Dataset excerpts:

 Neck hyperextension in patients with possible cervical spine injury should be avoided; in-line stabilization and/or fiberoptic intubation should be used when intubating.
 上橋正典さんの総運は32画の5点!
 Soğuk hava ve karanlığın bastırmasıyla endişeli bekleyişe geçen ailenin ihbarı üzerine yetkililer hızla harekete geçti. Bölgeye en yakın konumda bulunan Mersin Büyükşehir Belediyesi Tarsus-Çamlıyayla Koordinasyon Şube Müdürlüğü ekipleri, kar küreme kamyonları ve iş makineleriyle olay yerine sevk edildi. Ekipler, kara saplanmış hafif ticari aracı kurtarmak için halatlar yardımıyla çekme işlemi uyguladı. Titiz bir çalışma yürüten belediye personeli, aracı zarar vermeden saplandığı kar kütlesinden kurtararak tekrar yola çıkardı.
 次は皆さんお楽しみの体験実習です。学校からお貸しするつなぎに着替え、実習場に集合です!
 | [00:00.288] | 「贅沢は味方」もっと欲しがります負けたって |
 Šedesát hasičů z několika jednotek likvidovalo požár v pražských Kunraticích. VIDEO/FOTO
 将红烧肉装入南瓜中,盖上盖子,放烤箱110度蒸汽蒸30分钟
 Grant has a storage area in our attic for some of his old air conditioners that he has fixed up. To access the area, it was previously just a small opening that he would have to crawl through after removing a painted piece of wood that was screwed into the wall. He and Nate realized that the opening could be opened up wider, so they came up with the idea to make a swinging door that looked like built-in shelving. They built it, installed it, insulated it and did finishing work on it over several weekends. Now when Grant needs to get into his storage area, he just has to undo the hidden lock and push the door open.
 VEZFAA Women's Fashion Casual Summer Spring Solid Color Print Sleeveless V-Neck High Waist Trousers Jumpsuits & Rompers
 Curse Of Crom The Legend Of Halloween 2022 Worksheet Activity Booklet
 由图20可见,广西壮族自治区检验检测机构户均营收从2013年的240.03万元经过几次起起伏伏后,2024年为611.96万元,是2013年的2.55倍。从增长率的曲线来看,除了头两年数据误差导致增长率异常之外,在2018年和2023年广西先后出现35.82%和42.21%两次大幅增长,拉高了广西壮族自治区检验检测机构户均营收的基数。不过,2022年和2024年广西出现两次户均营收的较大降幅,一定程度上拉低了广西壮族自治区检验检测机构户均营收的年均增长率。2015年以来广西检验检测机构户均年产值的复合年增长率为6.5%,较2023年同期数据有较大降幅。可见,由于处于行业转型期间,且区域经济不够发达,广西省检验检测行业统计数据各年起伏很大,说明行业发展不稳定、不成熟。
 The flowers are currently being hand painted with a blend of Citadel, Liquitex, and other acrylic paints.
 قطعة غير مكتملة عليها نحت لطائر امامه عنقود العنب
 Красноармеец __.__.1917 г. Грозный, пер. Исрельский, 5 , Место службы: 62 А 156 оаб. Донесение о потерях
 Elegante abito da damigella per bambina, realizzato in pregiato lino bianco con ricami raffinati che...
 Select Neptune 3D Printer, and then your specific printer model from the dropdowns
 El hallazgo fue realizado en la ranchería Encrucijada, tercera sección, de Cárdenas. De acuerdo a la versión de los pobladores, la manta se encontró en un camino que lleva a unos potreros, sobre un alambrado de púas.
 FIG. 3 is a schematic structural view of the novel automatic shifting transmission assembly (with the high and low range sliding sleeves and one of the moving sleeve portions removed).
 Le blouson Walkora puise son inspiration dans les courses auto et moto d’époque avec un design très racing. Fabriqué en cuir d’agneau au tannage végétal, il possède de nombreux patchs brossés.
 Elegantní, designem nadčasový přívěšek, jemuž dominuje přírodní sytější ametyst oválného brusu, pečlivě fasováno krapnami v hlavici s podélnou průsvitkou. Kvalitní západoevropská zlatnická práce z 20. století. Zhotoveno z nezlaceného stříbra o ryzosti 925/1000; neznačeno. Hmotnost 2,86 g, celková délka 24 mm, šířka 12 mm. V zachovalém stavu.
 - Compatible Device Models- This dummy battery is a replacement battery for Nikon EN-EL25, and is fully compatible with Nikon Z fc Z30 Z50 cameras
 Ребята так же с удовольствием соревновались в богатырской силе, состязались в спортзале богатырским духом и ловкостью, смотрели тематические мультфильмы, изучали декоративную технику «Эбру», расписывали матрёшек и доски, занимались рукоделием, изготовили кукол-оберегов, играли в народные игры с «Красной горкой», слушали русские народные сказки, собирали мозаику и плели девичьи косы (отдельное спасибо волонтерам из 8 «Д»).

→ Prompt
All the data needs repeating. Return it exactly.

→ Response to this task
 Neck hyperextension in patients with possible cervical spine injury should be avoided; in-line stabilization and/or fiberoptic intubation should be used when intubating.
 上橋正典さんの総運は32画の5点!
 Soğuk hava ve karanlığın bastırmasıyla endişeli bekleyişe geçen ailenin ihbarı üzerine yetkililer hızla harekete geçti. Bölgeye en yakın konumda bulunan Mersin Büyükşehir Belediyesi Tarsus-Çamlıyayla Koordinasyon Şube Müdürlüğü ekipleri, kar küreme kamyonları ve iş makineleriyle olay yerine sevk edildi. Ekipler, kara saplanmış hafif ticari aracı kurtarmak için halatlar yardımıyla çekme işlemi uyguladı. Titiz bir çalışma yürüten belediye personeli, aracı zarar vermeden saplandığı kar kütlesinden kurtararak tekrar yola çıkardı.
 次は皆さんお楽しみの体験実習です。学校からお貸しするつなぎに着替え、実習場に集合です!
 | [00:00.288] | 「贅沢は味方」もっと欲しがります負けたって |
 Šedesát hasičů z několika jednotek likvidovalo požár v pražských Kunraticích. VIDEO/FOTO
 将红烧肉装入南瓜中,盖上盖子,放烤箱110度蒸汽蒸30分钟
 Grant has a storage area in our attic for some of his old air conditioners that he has fixed up. To access the area, it was previously just a small opening that he would have to crawl through after removing a painted piece of wood that was screwed into the wall. He and Nate realized that the opening could be opened up wider, so they came up with the idea to make a swinging door that looked like built-in shelving. They built it, installed it, insulated it and did finishing work on it over several weekends. Now when Grant needs to get into his storage area, he just has to undo the hidden lock and push the door open.
 VEZFAA Women's Fashion Casual Summer Spring Solid Color Print Sleeveless V-Neck High Waist Trousers Jumpsuits & Rompers
 Curse Of Crom The Legend Of Halloween 2022 Worksheet Activity Booklet
 由图20可见,广西壮族自治区检验检测机构户均营收从2013年的240.03万元经过几次起起伏伏后,2024年为611.96万元,是2013年的2.55倍。从增长率的曲线来看,除了头两年数据误差导致增长率异常之外,在2018年和2023年广西先后出现35.82%和42.21%两次大幅增长,拉高了广西壮族自治区检验检测机构户均营收的基数。不过,2022年和2024年广西出现两次户均营收的较大降幅,一定程度上拉低了广西壮族自治区检验检测机构户均营收的年均增长率。2015年以来广西检验检测机构户均年产值的复合年增长率为6.5%,较2023年同期数据有较大降幅。可见,由于处于行业转型期间,且区域经济不够发达,广西省检验检测行业统计数据各年起伏很大,说明行业发展不稳定、不成熟。
 The flowers are currently being hand painted with a blend of Citadel, Liquitex, and other acrylic paints.
 قطعة غير مكتملة عليها نحت لطائر امامه عنقود العنب
 Красноармеец __.__.1917 г. Грозный, пер. Исрельский, 5 , Место службы: 62 А 156 оаб. Донесение о потерях
 Elegante abito da damigella per bambina, realizzato in pregiato lino bianco con ricami raffinati che...
 Select Neptune 3D Printer, and then your specific printer model from the dropdowns
 El hallazgo fue realizado en la ranchería Encrucijada, tercera sección, de Cárdenas. De acuerdo a la versión de los pobladores, la manta se encontró en un camino que lleva a unos potreros, sobre un alambrado de púas.
 FIG. 3 is a schematic structural view of the novel automatic shifting transmission assembly (with the high and low range sliding sleeves and one of the moving sleeve portions removed).
 Le blouson Walkora puise son inspiration dans les courses auto et moto d’époque avec un design très racing. Fabriqué en cuir d’agneau au tannage végétal, il possède de nombreux patchs brossés.
 Elegantní, designem nadčasový přívěšek, jemuž dominuje přírodní sytější ametyst oválného brusu, pečlivě fasováno krapnami v hlavici s podélnou průsvitkou. Kvalitní západoevropská zlatnická práce z 20. století. Zhotoveno z nezlaceného stříbra o ryzosti 925/1000; neznačeno. Hmotnost 2,86 g, celková délka 24 mm, šířka 12 mm. V zachovalém stavu.
 - Compatible Device Models- This dummy battery is a replacement battery for Nikon EN-EL25, and is fully compatible with Nikon Z fc Z30 Z50 cameras
 Ребята так же с удовольствием соревновались в богатырской силе, состязались в спортзале богатырским духом и ловкостью, смотрели тематические мультфильмы, изучали декоративную технику «Эбру», расписывали матрёшек и доски, занимались рукоделием, изготовили кукол-оберегов, играли в народные игры с «Красной горкой», слушали русские народные сказки, собирали мозаику и плели девичьи косы (отдельное спасибо волонтерам из 8 «Д»).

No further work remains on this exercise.